ストア派の哲学者エピクテトスは『語録』でこう警告しています。
「お金については価値を見極める技術を完成させている……ところが自分自身を支配する理性のこととなると、ぼんやりとあくびをし、目や耳に入ってきた事柄をよく考えずに受け入れてしまう。」
貨幣制度が未発達だった時代、人々は硬貨を手にすると、真贋を確かめる作業を怠りませんでした。しかし、人生の根本を左右する考え方については、驚くほど無防備に受け入れてしまっている――これがエピクテトスの比喩です。
古代の「貨幣検査」と現代の私たち
ギリシャ語の ドキマゼイン は「分析する」や「検査する」という意味を持ちます。古代の商人は、受け取った硬貨を硬い表面に投げ、その音色で本物かどうかを見抜きました。
現代でも、大きな金額の紙幣を手にすると、光に透かしたり質感を確かめたりして、本物かを確認する人が多いでしょう。

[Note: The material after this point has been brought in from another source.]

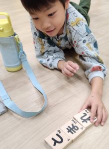 積み木ではひらがなを並べて言葉を作る姿も見られましたよ✨

つまり、お金という「社会の約束事」については、私たちは疑い深く、慎重なのです。
価値観の「まがい物」を受け取っていないか?
一方で、もっと大事なもの――人生を方向づける信念や価値観についてはどうでしょうか。
- 「お金がたくさんあれば幸せになれる」
- 「大勢の人が信じていることは真実にちがいない」
- 「成功とは肩書や財産で決まる」
こうした考え方を、私たちは深く吟味せずに受け入れてしまうことが多いのです。しかし、それはまがい物の貨幣をありがたがって使っているようなものです。
哲学者の最初にして最大の仕事
エピクテトスはこう述べています。
「哲学者の最初にして最大の仕事は、物事を、その見た目にだまされずに吟味し、ふるい分けることだ。よく吟味していない事柄に基づいて行動してはならない。」
つまり、私たちがなすべきことは「価値観の貨幣検査人」になることです。
- その考えは本当に真実か?
- 自分の経験や理性に照らして納得できるか?
- それを信じ続けたとき、自分や社会に良い結果をもたらすか?
これらの問いを通して、まがい物の思想や偏見を排除する必要があります。
思考を吟味する実践法
- 立ち止まる習慣を持つ
何かを「当たり前」と思ったときこそ立ち止まり、問い直す。 - 出どころを確かめる
その考えは本当に信頼できる人や経験から得たものか? それとも流行や噂か? - 自分の理性で検証する
他人の意見を受け入れる前に、自分の理性で試金石を当ててみる。 - 小さな違和感を無視しない
「なんとなくおかしい」と思ったら、その直感を検討材料にする。
まとめ ― 価値観も「検査」して選ぶ
貨幣を検査するように、人生を導く価値観もまた厳しく吟味する必要があります。
無批判に受け入れたまがい物の価値観は、後で大きな代償を払わせることになるからです。
見た目に惑わされず、本物の価値を選び取る。
それがエピクテトスの教えであり、真に自由で理性的な生き方につながるのです。